After launching his web design business in high school, this Swiss entrepreneur wants to help other student entrepreneurs succeed.
September 23, 2017
11 mins read

Dany Cerone is a college senior at HEIG-VD, a college in Western Switzerland’s University of Applied Sciences, and is preparing to graduate in December. He’s also the founder of a company whose clients have included the International Olympic Committee and the city of Geneva. Any entrepreneur would be thrilled to land such contracts within three years of incorporating his business, but Cerone’s accomplishments are all the more impressive because he started working so early, and because he’s largely self-taught.

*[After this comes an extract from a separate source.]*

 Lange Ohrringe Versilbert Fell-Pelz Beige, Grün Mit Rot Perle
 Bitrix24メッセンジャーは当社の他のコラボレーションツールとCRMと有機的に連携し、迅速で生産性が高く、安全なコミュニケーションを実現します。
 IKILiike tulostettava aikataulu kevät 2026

A seemingly trivial request introduced Cerone to website design. A relative of his needed an online art portfolio and asked if he knew how to build a suitable website; he didn’t. “I wasn’t into information technology at all,” he says. He Googled the process and found a software program from Apple that allowed people to construct a website without any prior experience. He built the portfolio and assumed he was finished.

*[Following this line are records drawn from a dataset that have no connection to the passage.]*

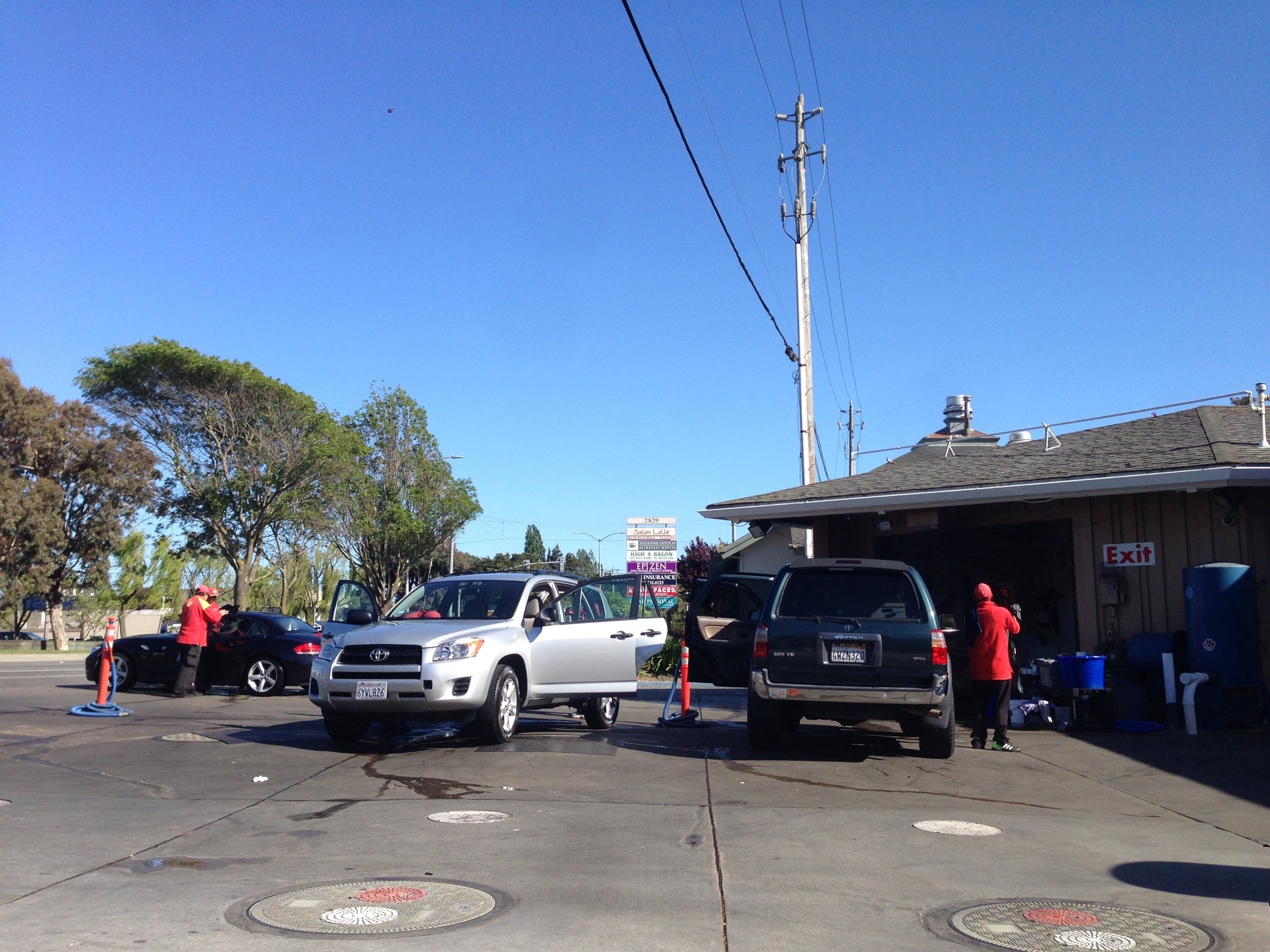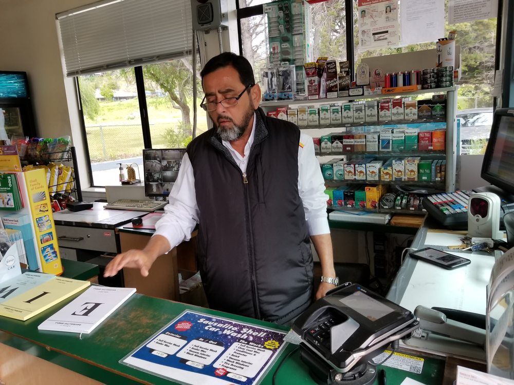 Although this place has higher gas prices, it is clean and the windshield squeegees are in good order and they have free air and free vacuum cleaners. Well run and never too busy.
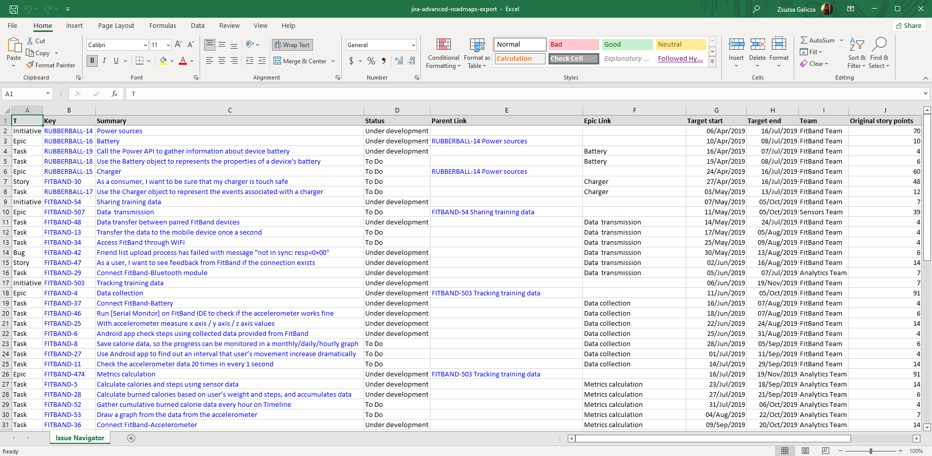 This sample is the Excel export of a plan built with Advanced Roadmaps for Jira, including Initiative, Story and Task type work items (issues). It is exported from the Issue Navigator using a custom column configuration, which includes all Advanced Roadmaps-managed custom fields plus Epic Link.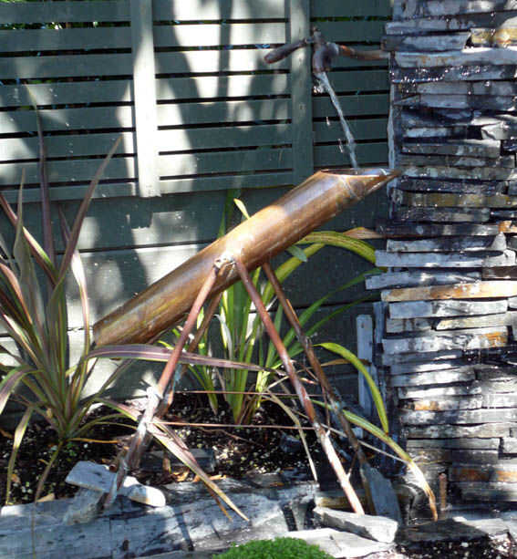Recientemente había puesto en una cubierta nueva en el patio de mi casa y quería construir una función de agua para añadir un punto focal. Por consiguiente, he construido una "pared de agua", con el agua se bombea de un colector de aceite en un recipiente que luego se desborda y corre por la cara de la pared fieldstone apiladas. Hasta ahora, bien. Sin embargo, pensé que añadiría un poco de arte cinético y sonido añadiendo una versión cobre de shishi odoshi, un dispositivo tradicional usado, supuestamente, en jardines japoneses para ahuyentar a los ciervos de forrajeo. ¿Por qué cobre, cuando el material tradicional es bambú? Bueno, en primer lugar porque me gusta trabajar con cobre - me gusta especialmente la forma en que se convierte en patinado con un verde cardenillo en el tiempo y también sentí que colocada mejor con mi pared de piedra gris y la total "look" que iba. El diseño actual fue muy simple y hay una serie de anuncios en línea que le dará una idea de cómo hacer uno de estos. En principio es bastante sencillo. Un tubo hueco se monta sobre un eje (que a su vez se monta en algún tipo de soporte, o las piernas). El extremo posterior del tubo está sellado, maneras detrás del punto del eje de eje por lo que puede ser llenado con agua. La puesta del árbol es importante porque debe ser adelante del punto de equilibrio de tubo vacío, para que la voluntad de extremo posterior más pesado del tubo, cuando es vacío, caer, tirar de la "boca" abierta del tubo hacia arriba, permitiendo que se llena de agua de un grifo del goteo, o similar origen.

However, other people began asking him for help creating websites. Eventually, some of them started paying him, and Cerone realized his hobby could become his profession. It would be a challenge, since he still didn’t know much about coding and development, but Cerone started seriously working to expand website building into a full-time business.

The user experience industry, where Cerone eventually settled, is a subfield of design, which tries to improve consumers’ reactions to a product. When most people hear “design,” they think of graphic design, but that’s not a major part of a user experience designer’s work. “User experience design goes much deeper than graphic design,” Cerone explains. “It’s more about behavior. We talk about user journeys more than visual layout.” A user experience designer’s job is considering who the target audience for a website or piece of media is, and what the audience needs in order to understand the client’s message. “You have to ask yourself ‘Who are we trying to help? What are they trying to do?’”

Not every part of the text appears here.